Supplied data:

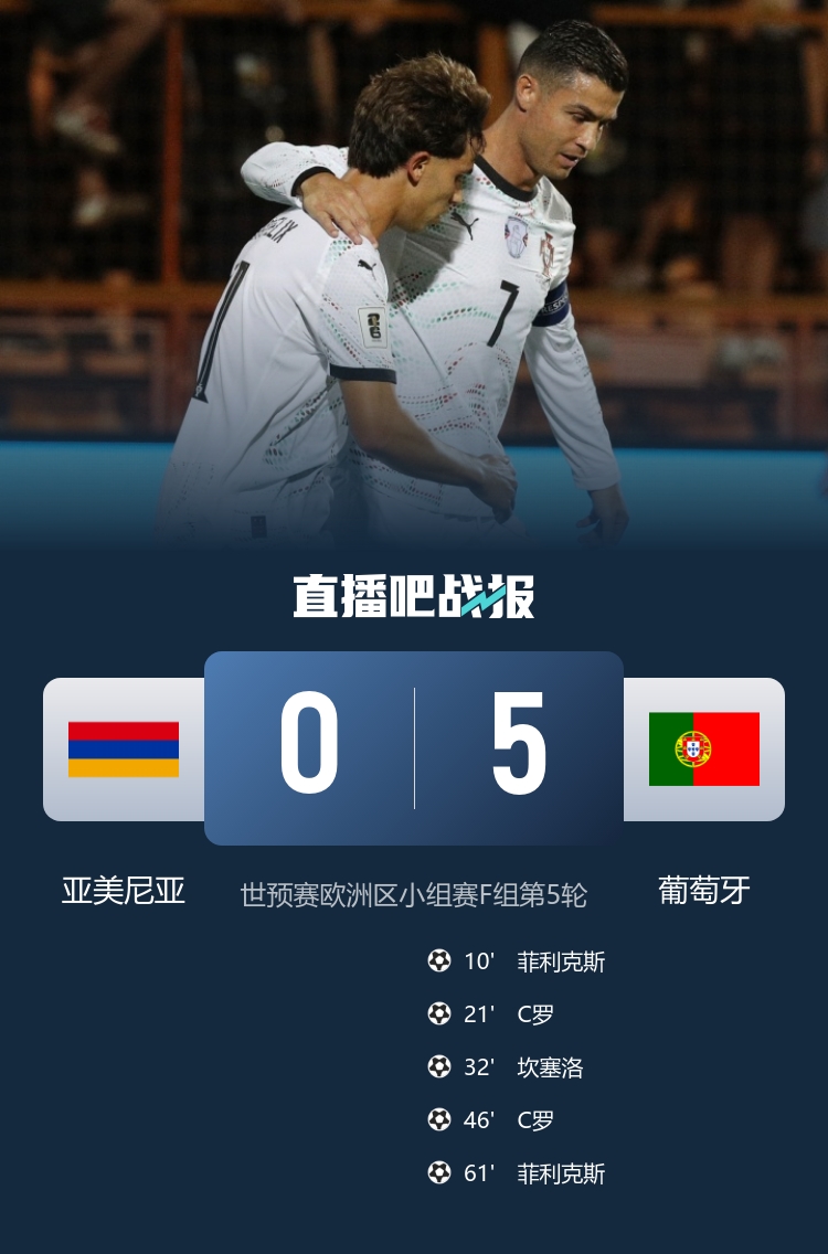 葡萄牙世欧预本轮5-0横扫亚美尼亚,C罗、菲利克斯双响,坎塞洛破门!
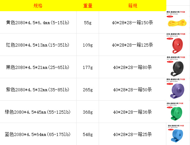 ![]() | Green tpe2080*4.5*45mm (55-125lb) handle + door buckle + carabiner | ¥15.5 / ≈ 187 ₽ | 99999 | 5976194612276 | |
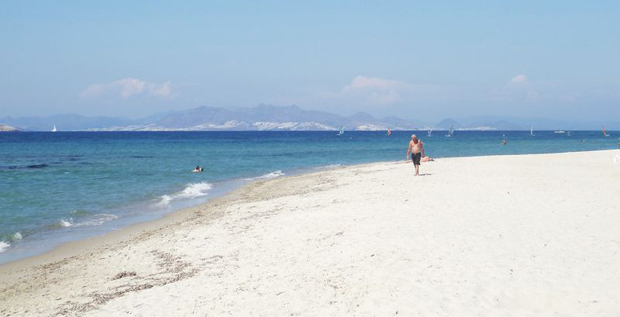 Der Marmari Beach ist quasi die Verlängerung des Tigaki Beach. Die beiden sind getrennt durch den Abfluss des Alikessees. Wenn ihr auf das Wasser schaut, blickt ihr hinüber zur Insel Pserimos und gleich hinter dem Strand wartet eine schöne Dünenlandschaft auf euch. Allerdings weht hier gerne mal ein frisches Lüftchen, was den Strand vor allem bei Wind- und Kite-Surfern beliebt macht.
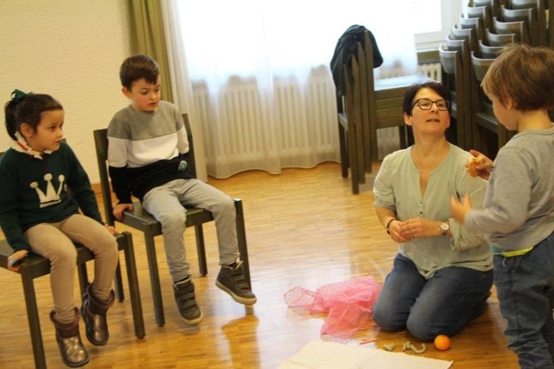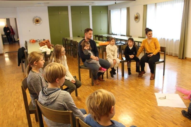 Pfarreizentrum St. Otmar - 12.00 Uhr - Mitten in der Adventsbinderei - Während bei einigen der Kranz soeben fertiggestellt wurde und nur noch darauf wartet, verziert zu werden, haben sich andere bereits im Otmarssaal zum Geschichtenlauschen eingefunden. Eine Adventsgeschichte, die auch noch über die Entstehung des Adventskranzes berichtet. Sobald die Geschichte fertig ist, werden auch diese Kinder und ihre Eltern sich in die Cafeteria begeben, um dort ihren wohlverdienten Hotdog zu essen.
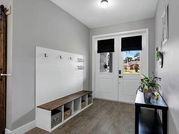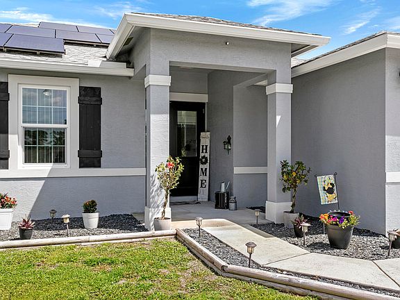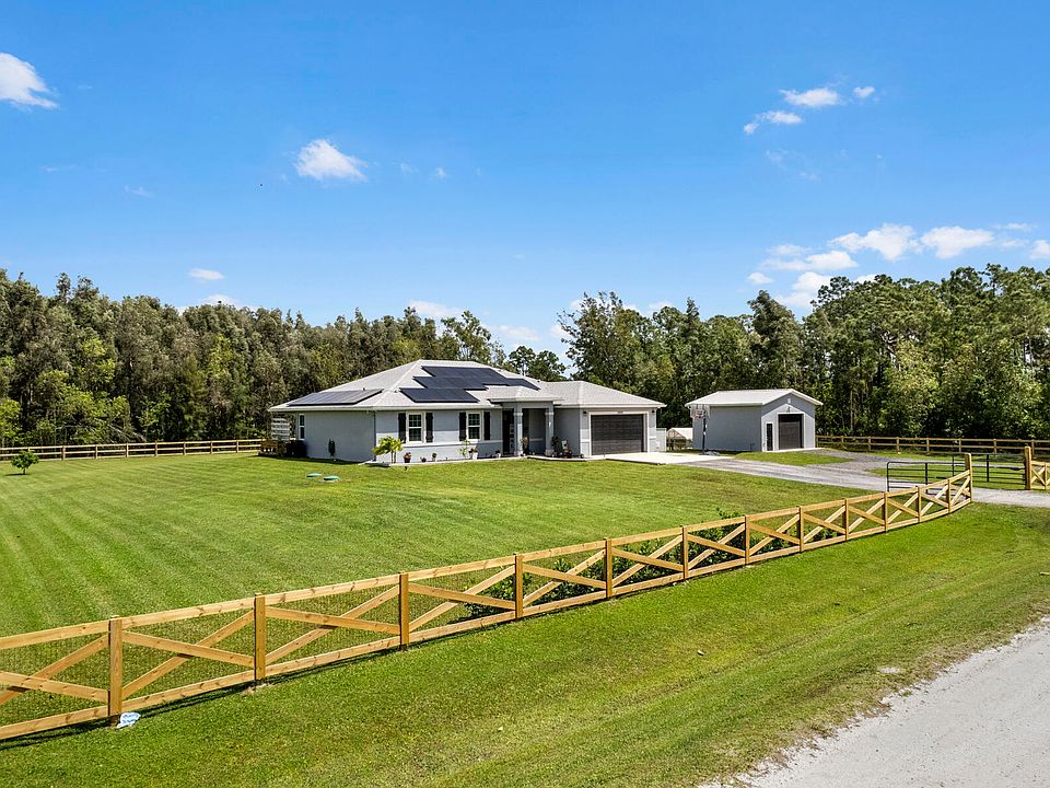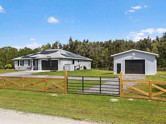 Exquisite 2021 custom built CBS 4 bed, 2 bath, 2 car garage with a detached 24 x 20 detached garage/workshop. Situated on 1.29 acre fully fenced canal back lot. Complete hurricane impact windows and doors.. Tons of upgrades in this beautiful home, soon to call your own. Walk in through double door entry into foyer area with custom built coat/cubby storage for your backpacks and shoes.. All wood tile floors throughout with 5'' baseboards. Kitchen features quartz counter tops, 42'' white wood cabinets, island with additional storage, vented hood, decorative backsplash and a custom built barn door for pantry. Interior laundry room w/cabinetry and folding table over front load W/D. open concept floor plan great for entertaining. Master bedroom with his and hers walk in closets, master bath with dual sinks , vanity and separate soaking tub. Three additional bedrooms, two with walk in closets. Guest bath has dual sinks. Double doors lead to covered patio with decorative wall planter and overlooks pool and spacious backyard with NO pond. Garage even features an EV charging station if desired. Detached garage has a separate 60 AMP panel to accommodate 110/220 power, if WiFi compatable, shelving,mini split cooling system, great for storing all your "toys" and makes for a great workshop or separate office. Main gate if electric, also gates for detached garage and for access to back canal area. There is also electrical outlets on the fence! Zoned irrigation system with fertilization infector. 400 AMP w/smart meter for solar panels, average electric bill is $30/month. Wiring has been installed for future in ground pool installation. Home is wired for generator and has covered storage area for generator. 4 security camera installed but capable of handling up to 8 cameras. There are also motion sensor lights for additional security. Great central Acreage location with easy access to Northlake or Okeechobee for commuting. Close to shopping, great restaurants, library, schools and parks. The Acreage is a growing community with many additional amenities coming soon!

--

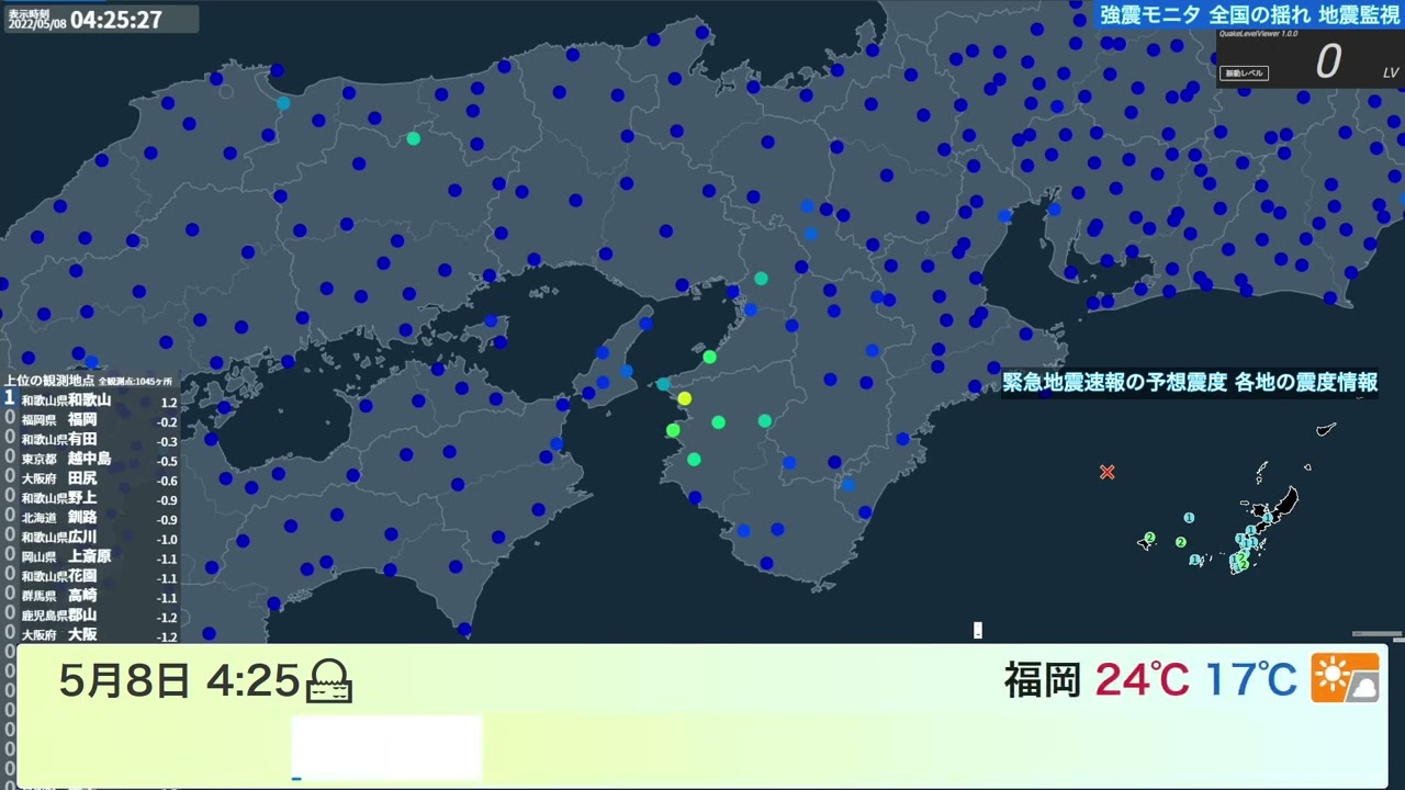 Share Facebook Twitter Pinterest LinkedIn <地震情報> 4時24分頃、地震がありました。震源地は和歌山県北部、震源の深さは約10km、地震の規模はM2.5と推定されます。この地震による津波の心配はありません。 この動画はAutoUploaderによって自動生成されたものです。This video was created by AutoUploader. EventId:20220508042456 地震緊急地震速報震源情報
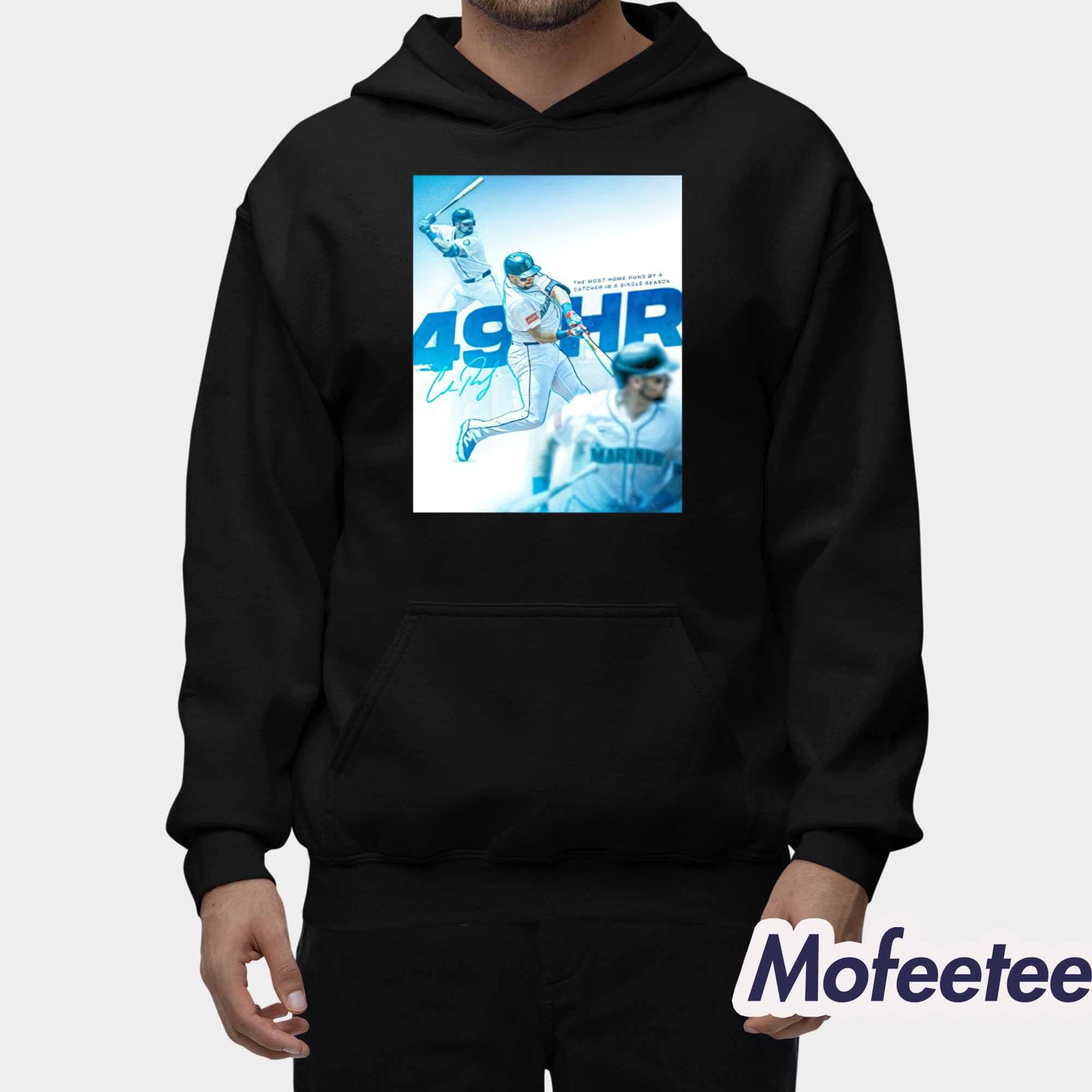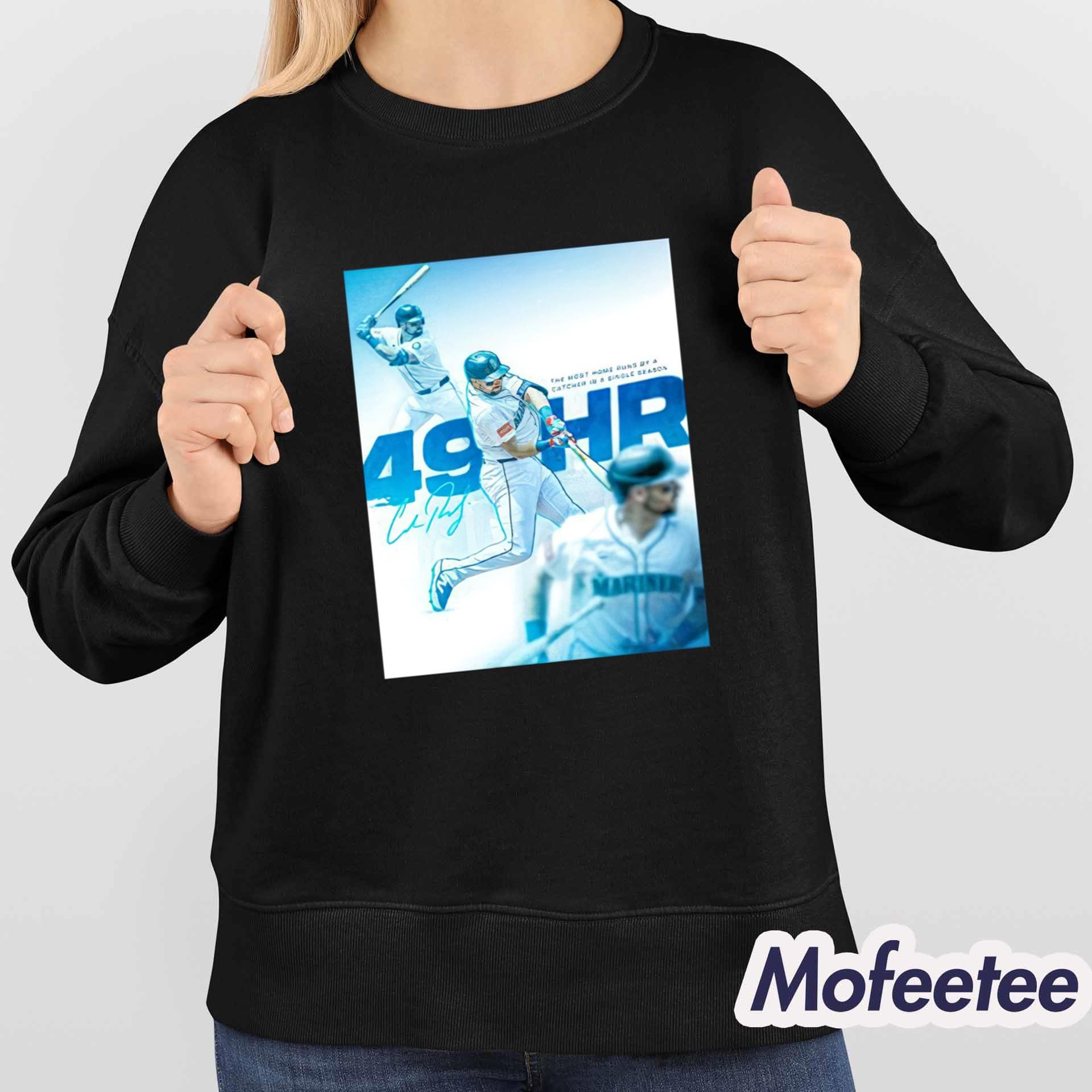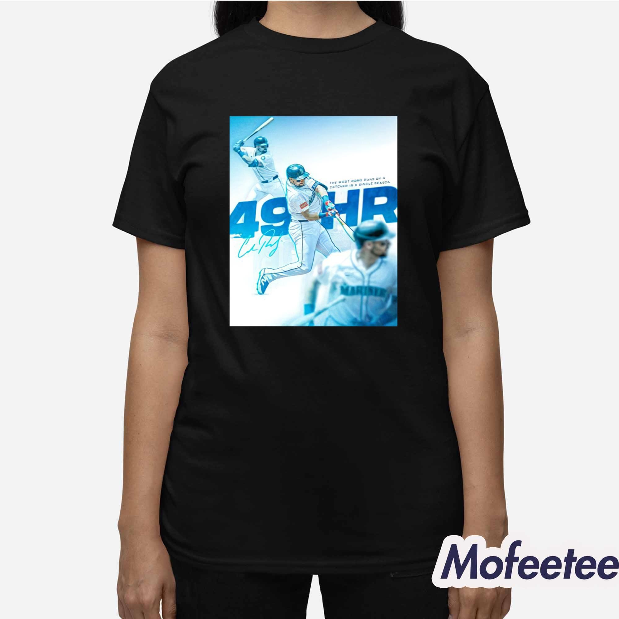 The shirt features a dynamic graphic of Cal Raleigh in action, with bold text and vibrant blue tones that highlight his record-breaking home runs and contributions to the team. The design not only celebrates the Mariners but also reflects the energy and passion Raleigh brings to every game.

Task brief:
Please set down, exactly and with no pictures, the lines in the entries above starting at the one holding "葡萄牙世欧预本轮5-0横扫亚美尼亚,C罗、菲利克斯双响,坎塞洛破门!" and ending at the one holding "Pfarreizentrum St. Otmar", ends included.

Solution to this task:
 葡萄牙世欧预本轮5-0横扫亚美尼亚,C罗、菲利克斯双响,坎塞洛破门!
 ![]() | Green tpe2080*4.5*45mm (55-125lb) handle + door buckle + carabiner | ¥15.5 / ≈ 187 ₽ | 99999 | 5976194612276 | |
 Der Marmari Beach ist quasi die Verlängerung des Tigaki Beach. Die beiden sind getrennt durch den Abfluss des Alikessees. Wenn ihr auf das Wasser schaut, blickt ihr hinüber zur Insel Pserimos und gleich hinter dem Strand wartet eine schöne Dünenlandschaft auf euch. Allerdings weht hier gerne mal ein frisches Lüftchen, was den Strand vor allem bei Wind- und Kite-Surfern beliebt macht.
 Pfarreizentrum St. Otmar - 12.00 Uhr - Mitten in der Adventsbinderei - Während bei einigen der Kranz soeben fertiggestellt wurde und nur noch darauf wartet, verziert zu werden, haben sich andere bereits im Otmarssaal zum Geschichtenlauschen eingefunden. Eine Adventsgeschichte, die auch noch über die Entstehung des Adventskranzes berichtet. Sobald die Geschichte fertig ist, werden auch diese Kinder und ihre Eltern sich in die Cafeteria begeben, um dort ihren wohlverdienten Hotdog zu essen.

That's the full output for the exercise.